(Beginning of DATA)

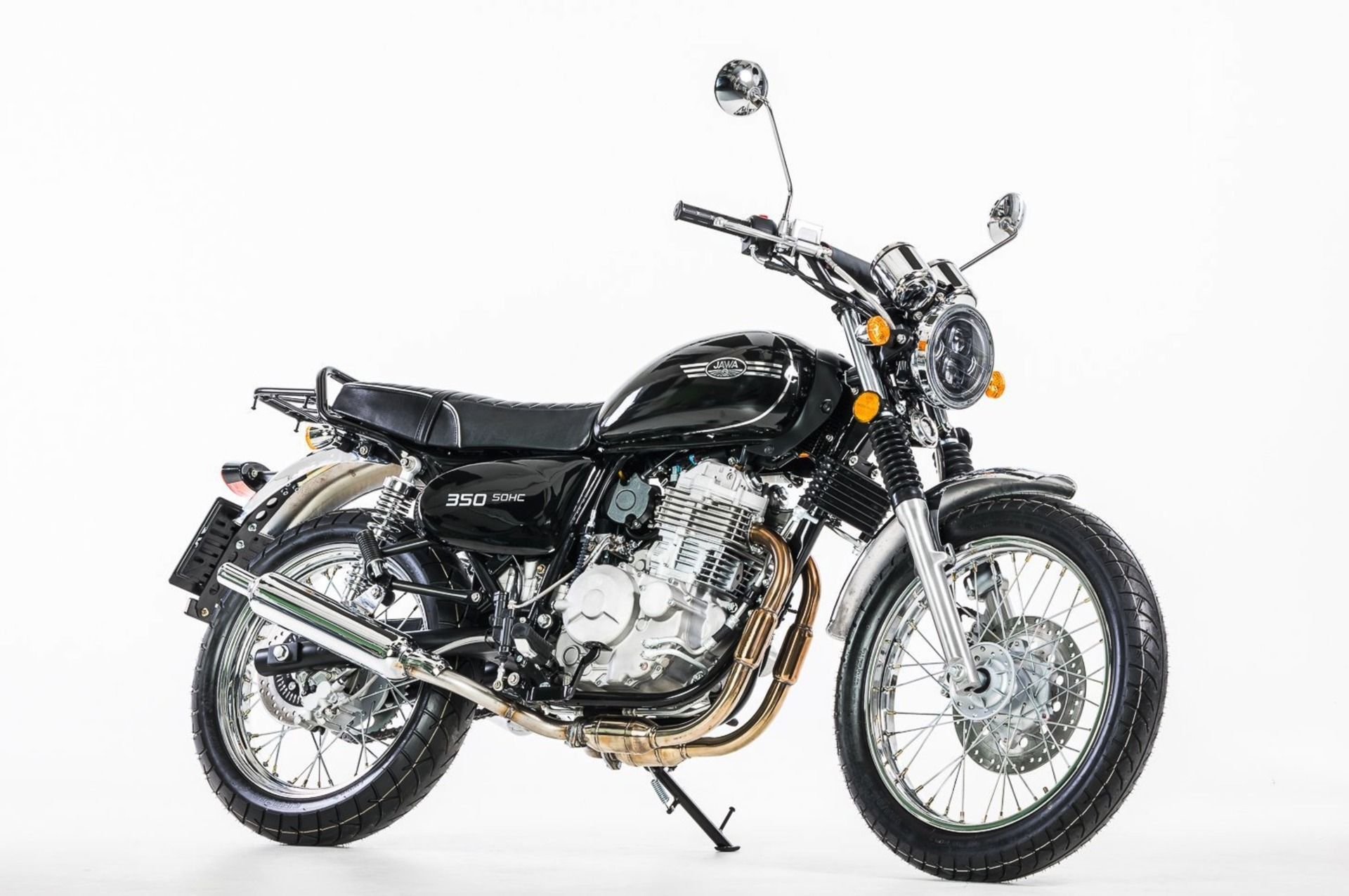 JAWA 350 OHC Sport – Po úspěšném uvedení modelu JAWA 350 OHC Scrambler na trh bylo jednoznačné pokračovat v tomto stylu motocyklu i nadále. Přechod na novou homologační normu EURO V si vyžádal drobné technické změny, ale z hlediska celkového pojetí motocyklu se jednalo skutečně o minimu změn. Ono minimum bez pochyb přispívá ke zlepšení jízdních vlastností tohoto oblíbeného modelu. Jedná se především o úpravu zadní vidlice, zadní kotoučové brzdy, nově použitého olejového chladiče a led předního světla. Shodně se svým předchůdcem má i design modelu JAWA 350 OHC Sport navázat na bohaté úspěchy motocyklů značky JAWA v motocyklových soutěžích. Dominantou a tradičním prvkem je klasický kapkovitý tvar nádrže. Po technické stránce je tento model identický s modelem JAWA 350 OHC.
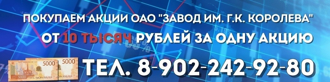 ‼ ПОКУПАЕМ акции ОАО "Завод им. Г.К. Королева"
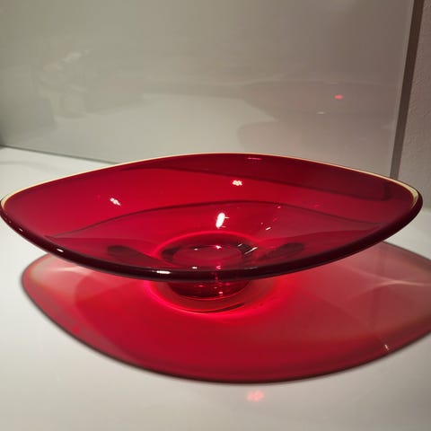 Laget av kraftig tung glassmasse, med en fremtredende grønn farge i midten som går over i en klar kant. Formen er asymmetrisk med en fordypning i midten.
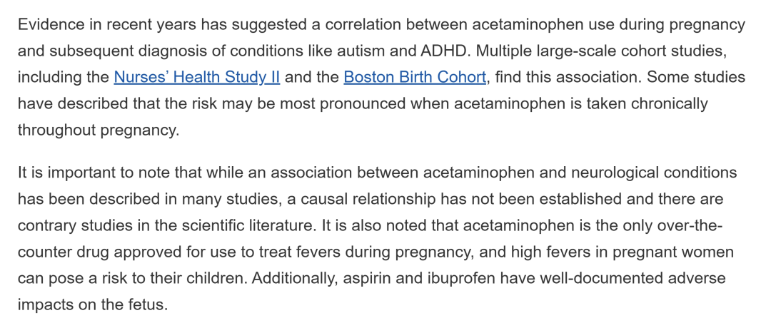 “近年来的证据表明,孕期服用对乙酰氨基酚与随后诊断出的自闭症和多动症等疾病之间存在相关性。多项大规模队列研究,包括护士健康研究 II波士顿出生队列研究,都发现了这种相关性。一些研究表明,在整个孕期长期服用对乙酰氨基酚的风险可能最为显著。

(End of DATA)

# WHAT THE TASK REQUIRES
After locating the line with "Laget av kraftig", transcribe it and the rest of the data above exactly as written, without any picture.

# TASK SOLUTION
 Laget av kraftig tung glassmasse, med en fremtredende grønn farge i midten som går over i en klar kant. Formen er asymmetrisk med en fordypning i midten.
 “近年来的证据表明,孕期服用对乙酰氨基酚与随后诊断出的自闭症和多动症等疾病之间存在相关性。多项大规模队列研究,包括护士健康研究 II波士顿出生队列研究,都发现了这种相关性。一些研究表明,在整个孕期长期服用对乙酰氨基酚的风险可能最为显著。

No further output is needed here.